DATASET SECTION:
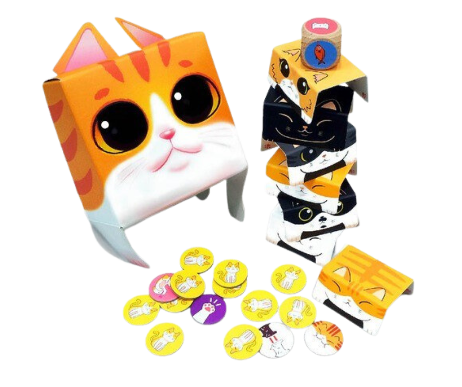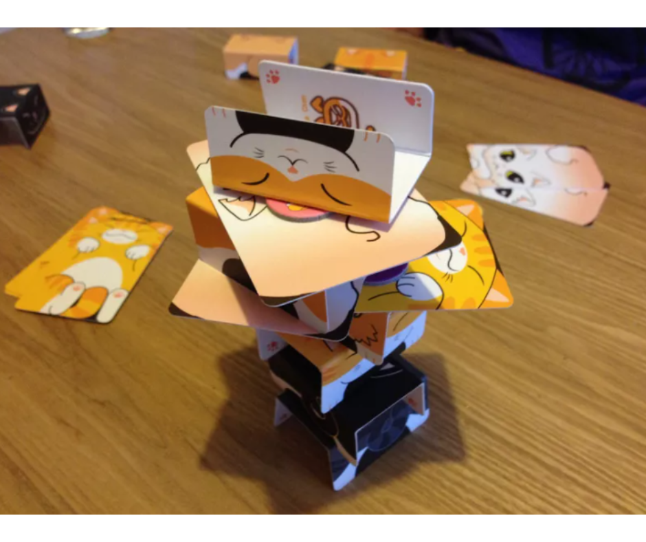 Torre de Gatos es un juego de habilidad a partir de tan solo 4 años en el que se deben colocar unas cartas de gatos dobladas formando pequeñas cajas. Ganará la primera persona en deshacerse de su mano de cartas de gato.
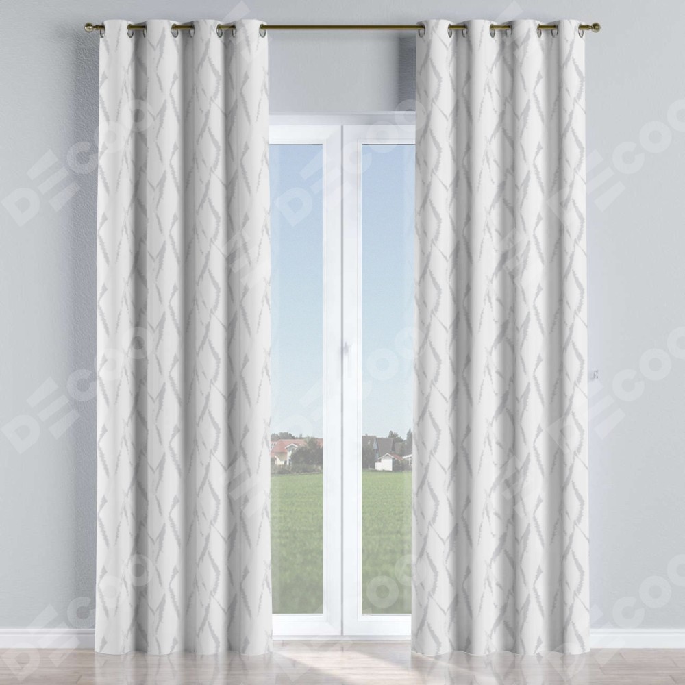Длина карниза равна ширине окна плюс 30 — 50 см. При расчете длины штанги наконечники не учитываются. Для определения высоты штор измерьте расстояние от верхнего края карниза до пола и отнимите 1 см. Прибавьте 4 см  (гребешок над люверсом) Это габаритный размер вашего изделия.
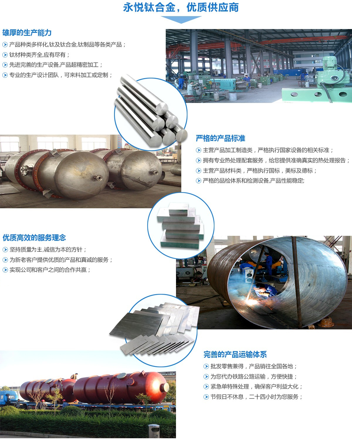 宝鸡永悦钛合金有限公司(简称:永悦钛合金),公司位于中国钛材基地—陕西省宝鸡市钛工业园区。 公司是专业从事钛及钛合金、难溶、稀贵金属材料的生产、深加工、出口于一体的现代化综合性企业。公司依托“中国钛谷”雄厚的行业资源,强大的有色金属科研及制造实力进行高效的资源共享。公司拥有一支年轻、朝气、创新、实干、创新的团队。拥有现代配套生产设备及检验检测设备,技术先进,工艺严格、设备完善、管理制度成熟等优势。在钛材料生产加工领域形成了较为完整的产业链,为用户提供优质可靠的产品。 永悦钛合金拥有以下几大主导钛产品: Ⅰ.材料类:钛材、镍材、锆材、钽材、铌材等稀贵金属材料。 Ⅱ.复合材料类:钛/钢、钛/铜、镍/钢等多种配比金属爆炸复合板。 Ⅲ.设备类:钛盘管、钛储罐、钛换热器、钛冷凝器、钛反应釜,钛搅拌设备、钛塔器等非标设备的设计与制造。 Ⅳ.制品类:钛及钛合金泵、钛阀、钛管件、钛法兰、钛标准件、钛阳极,钛种板及各种精铸配件。 产品被广泛应用于石油、化工、氯碱、制药、海洋生物、医药、污水处理、次氯酸钠、电镀等领域。 我们的生产理念:质量为主、用户满意、精益求精、务实...

ACTIVITY: Write out each line again, exactly as it appears above, except for any picture.

SOLUTION:
 Torre de Gatos es un juego de habilidad a partir de tan solo 4 años en el que se deben colocar unas cartas de gatos dobladas formando pequeñas cajas. Ganará la primera persona en deshacerse de su mano de cartas de gato.
Длина карниза равна ширине окна плюс 30 — 50 см. При расчете длины штанги наконечники не учитываются. Для определения высоты штор измерьте расстояние от верхнего края карниза до пола и отнимите 1 см. Прибавьте 4 см  (гребешок над люверсом) Это габаритный размер вашего изделия.
 宝鸡永悦钛合金有限公司(简称:永悦钛合金),公司位于中国钛材基地—陕西省宝鸡市钛工业园区。 公司是专业从事钛及钛合金、难溶、稀贵金属材料的生产、深加工、出口于一体的现代化综合性企业。公司依托“中国钛谷”雄厚的行业资源,强大的有色金属科研及制造实力进行高效的资源共享。公司拥有一支年轻、朝气、创新、实干、创新的团队。拥有现代配套生产设备及检验检测设备,技术先进,工艺严格、设备完善、管理制度成熟等优势。在钛材料生产加工领域形成了较为完整的产业链,为用户提供优质可靠的产品。 永悦钛合金拥有以下几大主导钛产品: Ⅰ.材料类:钛材、镍材、锆材、钽材、铌材等稀贵金属材料。 Ⅱ.复合材料类:钛/钢、钛/铜、镍/钢等多种配比金属爆炸复合板。 Ⅲ.设备类:钛盘管、钛储罐、钛换热器、钛冷凝器、钛反应釜,钛搅拌设备、钛塔器等非标设备的设计与制造。 Ⅳ.制品类:钛及钛合金泵、钛阀、钛管件、钛法兰、钛标准件、钛阳极,钛种板及各种精铸配件。 产品被广泛应用于石油、化工、氯碱、制药、海洋生物、医药、污水处理、次氯酸钠、电镀等领域。 我们的生产理念:质量为主、用户满意、精益求精、务实...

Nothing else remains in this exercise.